Mr. Speaker, I thank my colleague, the chair of the Standing Committee on Access to Information, Privacy and Ethics, for moving concurrence in the report from our committee today. As I remember, it was a very straightforward and simple report. It simply announced to the House of Commons that our committee had concluded the witness phase of the study into the Airbus Mulroney-Schreiber scandal, as it has come to be known.
First, I want to thank my colleague, the member from Mississauga, for the work he has done on that committee and for having the fortitude and the wisdom that it takes to be a good chair juggling a very difficult issue of national importance and of interest to the whole country. I think he has done a great service to Canadians by keeping an even keel on this study and making sure that it moved forward to its logical conclusion.
I would like to remark on a few of the points he made.
First, there is no excuse any more for the Government of Canada to postpone the full public inquiry that this report calls for.
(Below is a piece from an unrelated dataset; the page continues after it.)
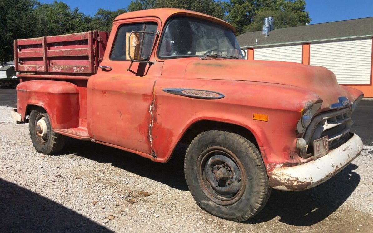 Hey, how about another ’57 Chevy? You know, the third and final member of the Tri-Five triumvirate? Well, here you go, a ’57 Chevrolet 3600 step-side pickup. Yeah, not what you were expecting but maybe one that you would prefer to review. This Chevy truck is located in Wahoo, Nebraska and is available here on eBay for a current bid of $4,050 with seventeen bids tendered so far.

The Prime Minister said he did not want to begin the public inquiry because there might be overlap between witnesses that the ethics committee calls and witnesses that the public inquiry calls. We have finished with witnesses. We have announced that formally. Our chair stood in the House of Commons and made a public declaration. We are done. There is really no excuse or reason not to begin the public inquiry.
I will also say that there is no excuse for the Government of Canada to announce a very narrow public inquiry, limited, for instance, to just the cash payments given in hotel rooms to the former prime minister, because as recently as today, as my colleague points out, this ground that Dr. Johnston said has been well-tilled and adequately researched is still revealing new truths.
Just today, a senator in the current Parliament of Canada has revealed how important that Bear Head file was to the former prime minister, Mr. Mulroney, how it was key and paramount, and how it was the very first file given to him in the newly struck ACOA portfolio that he was given.
I have a simple question for my colleague. It is my view that no amount of bafflegab will ever take the stink off those sacks full of cash and secret hotel room meetings. There is no amount of excuses that the former prime minister can offer Canadians to defend that, but let me ask my colleague if it is not just as important that we go beyond the sacks full of cash and research the genesis of the scandal, which is Karlheinz Schreiber, an unrepentant Nazi, which is what the German media calls him, interfering with Canadian politics by buying our next prime minister.
That is shocking: the CEO of Airbus creating a prime minister and then having that prime minister buy airplanes from him. If that is not worth investigating, I do not know what is.